The ML approach taken by Vahe Tshitoyan at Lawrence Berkeley National Laboratory (LBNL) in California and colleagues is even more bold.3 The LBL team has long spearheaded the Materials Project, an effort to collect a massive database of the properties and structures of known materials that might be mined using supercomputers to spot structure–function relationships and predict potentially useful new materials. One of the challenges for exercises like this – other initiatives and companies elsewhere are seeking to exploit similar methods for materials discovery – is that there is no standardised and easily accessed format in which such data are encoded in the literature.

Image 3

Word associations obtained by machine-reading the materials literature also uncovers the relationships underlying the periodic table

The researchers have turned this problem into an opportunity. They have used ML to look for correlations between the actual words used in published papers within their materials science dataset. Algorithms already exist for analysing texts this way, and have been used previously to look for trends in literature and historical documents, without needing guidance from human supervision. Tshitoyan and colleagues applied these methods to 3.3 million abstracts of papers in materials science published between 1922 and 2018, spanning a vocabulary of half a million ‘words’ – some of which are in fact chemical formulae. The analysis revealed expected correlations such as, for example, that between ‘NiFe’ and ‘ferromagnetic’, or ‘Bi2Te3’ and ‘thermoelectric’.

That much seems like a fancy way of rederiving things we have discovered already. But sometimes a material might be studied and characterised without the researchers realising what useful applications the properties could suggest. Tshitoyan and colleagues show that many top-performing thermoelectric materials, for example, could have been predicted this way several years in advance of the actual discovery of that potential.

And here too, the chemical elements are grouped in ways that reflect their periodic relationships. For example, in the vast space of word associations the halogens are neatly grouped together, although when that grouping arises from the term ‘diatomic nonmetals’ they are then united with nitrogen and oxygen too. (Astatine is, quite properly, the outlier.) The transition metals are all gathered together, and are distinguished from, say, the post-transition metals like aluminium and tin.

This much is perhaps not so surprising: it simply shows that our traditional classifications of the elements are firmly embedded lexically in the chemical literature. But they are so presumably because we find that convenient and useful.

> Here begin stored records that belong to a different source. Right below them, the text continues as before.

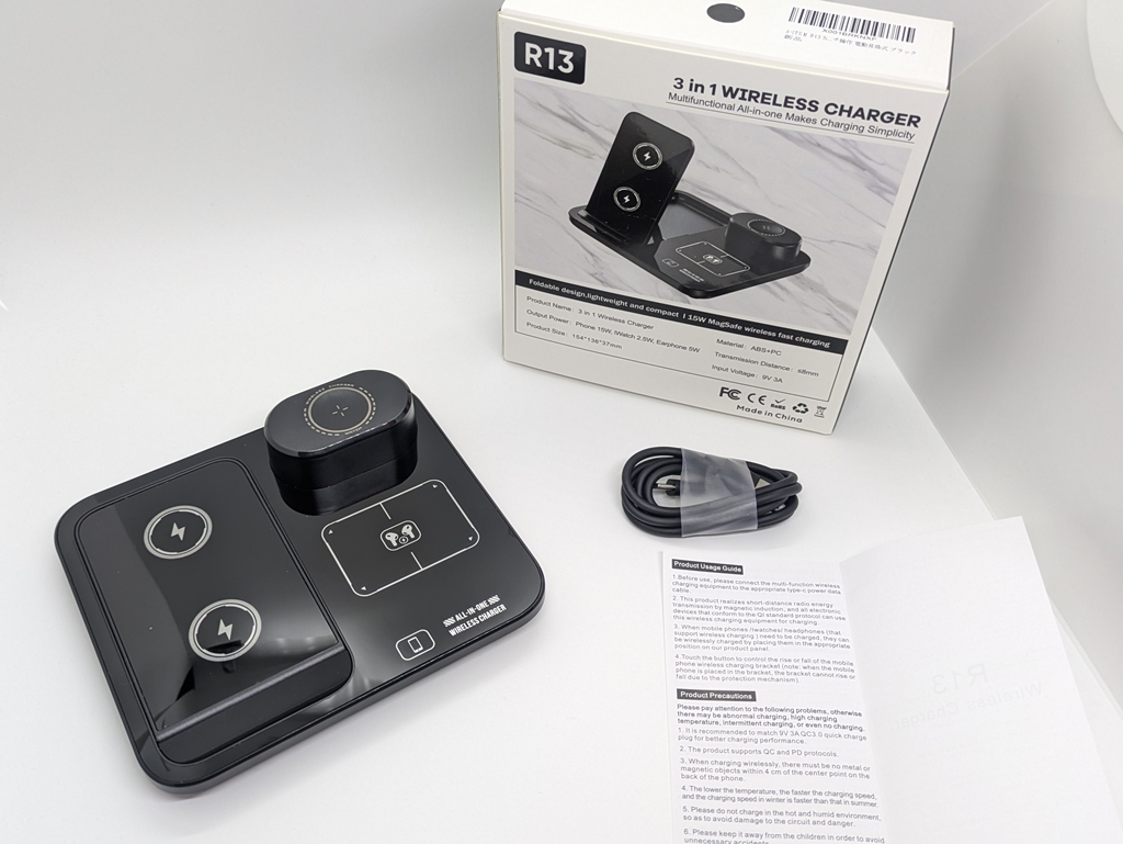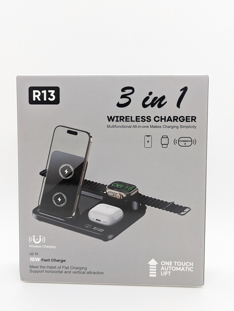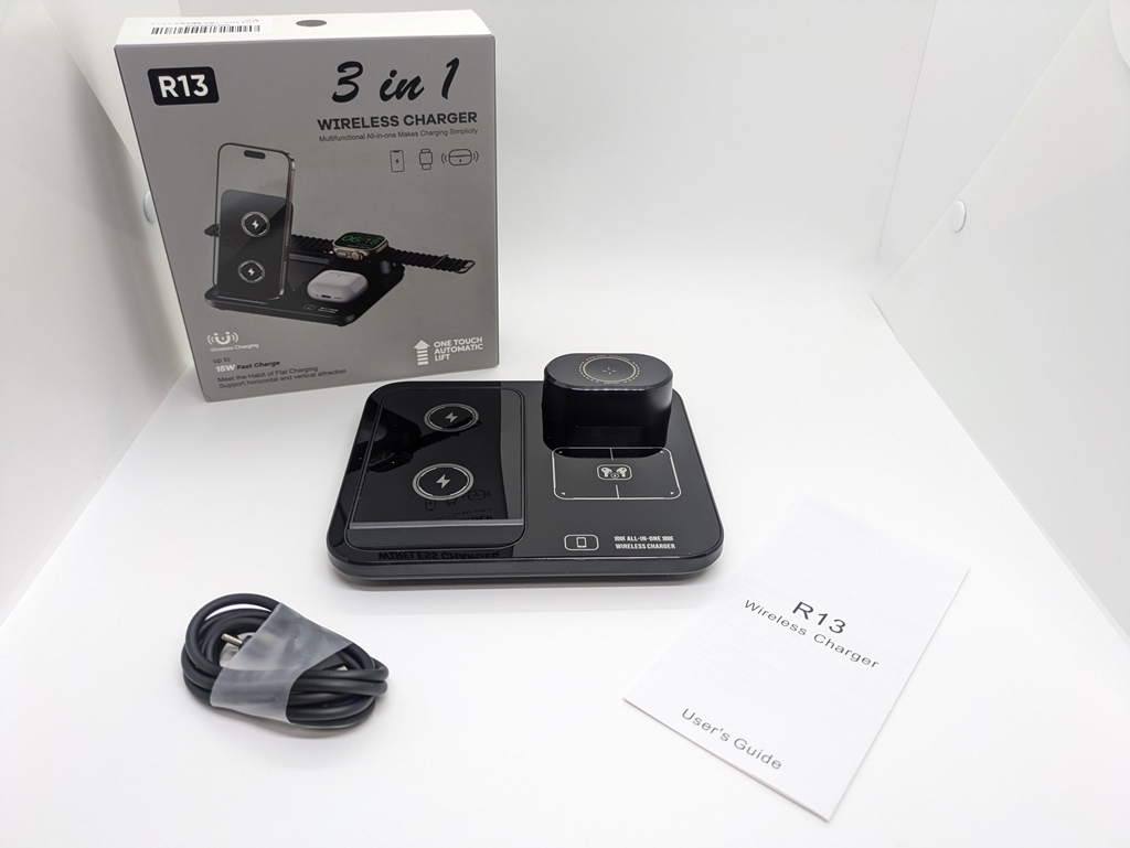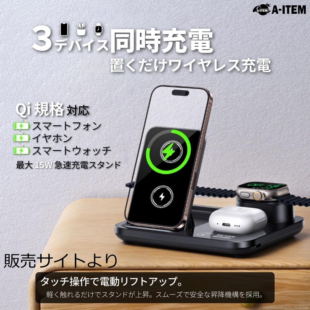 | ワイヤレス充電スタンド 3in1 Qi対応 15W 急速 同時 ブラック R13 自動昇降式 | |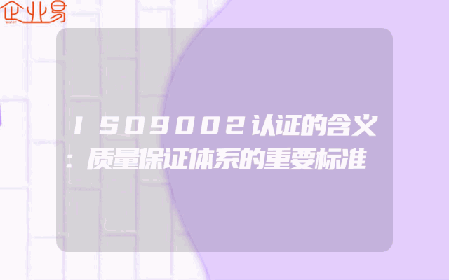 - ISO9002认证的含义解析:质量保证体系的重要标准一、ISO9002认证的基本概念ISO9002是ISO质量管理体系中的一个重要标准,主要关注生产和服务的质量管理要求。这一认证是对企业质量保证体系的一种评估和审核,确保企业按照设定的质量标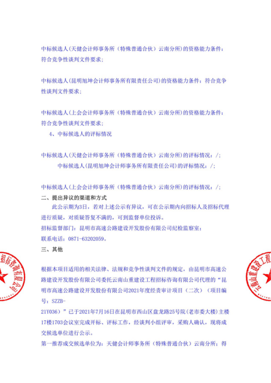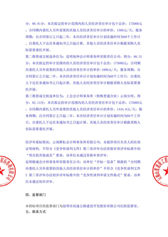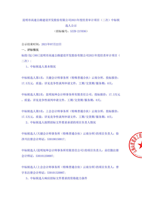 昆明市高速公路建设开发股份有限公司2021年度经责审计项目(二次)中标候选人公示
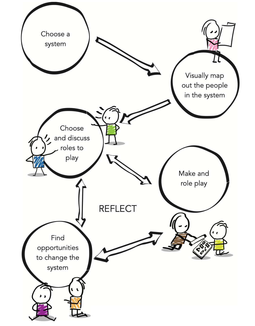Engaging young learners in exploring complexity and finding opportunities to make systems better requires perspective taking and empathy. Role playing can be a powerful approach to support learners in taking others’ perspectives when exploring the roles, ideas, and feelings of different characters in a system. Here we offer a few thoughts on how to leverage children’s natural desire to play and how to employ different thinking routines to foster perspective taking and empathy. This tool is intended as a starting point and does not need to be followed step by step or happen all at once. We suggest that points 3-5 below be iterative. Teachers should feel free to adjust this tool to meet their needs and the needs of their students.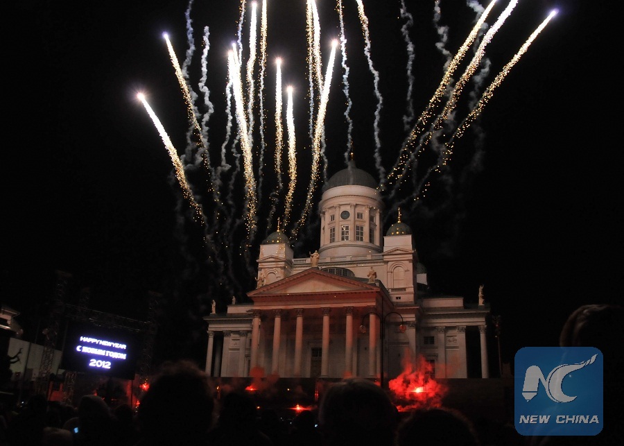 Fireworks illuminate the sky to greet the New Year in Helsinki, capital of Finland, Jan. 1, 2012. (Xinhua/Zhao Changchun)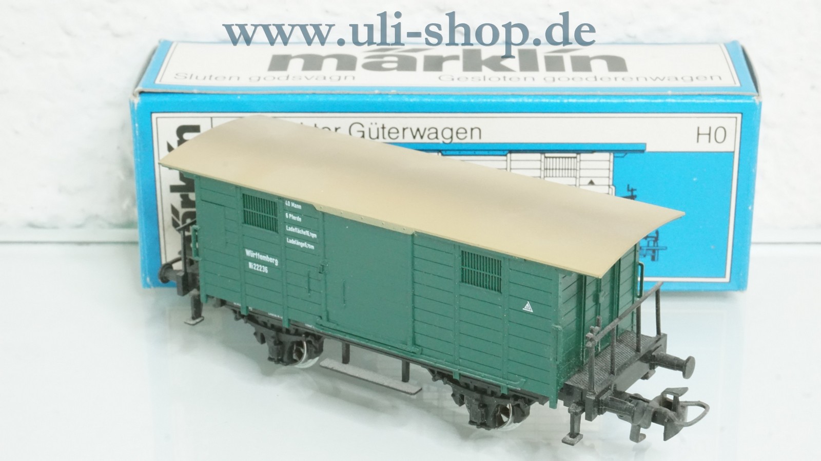 Märklin H0 Güterwagen mit der Artikelnummer 4685 gedeckt mit Flachdach Württemberg der K.W.St.E. Der Artikel ist für den Betrieb mit Wechselstrom vorgesehen. Die Originalverpackung ist vorhanden.

To put it another way: we might argue all we like that the ‘right’ place for hydrogen can only be above lithium, or that lanthanum belongs in the d block and not the f block – but normative chemical practice as revealed in the literature seems to tell us that we should not pay too much heed to such suggestions.

This returns us to a fundamental question about those thousand-plus periodic tables. Are we obliged to make a single, optimal choice based on objective facts, or can we be pragmatic pluralists? In his new edition of The Periodic Table: Its Story and Its Significance, updated for the IYPT, Eric Scerri calls the first group realists (in the philosophical sense), the second instrumentalists or ‘anti-realists’. To realists, our groupings of elements reflect the way nature itself is ‘carved at the joints’. Our chemical intuition surely suggests that some divisions – the noble gases, say – are like that (although such joints seem likely to be blurred for the superheavy elements). But is the entire periodic table truly carved at the joints? To judge from these two studies, both chemical properties and actual disciplinary usage recommend various ways of making the cuts: some joints are clearer than others.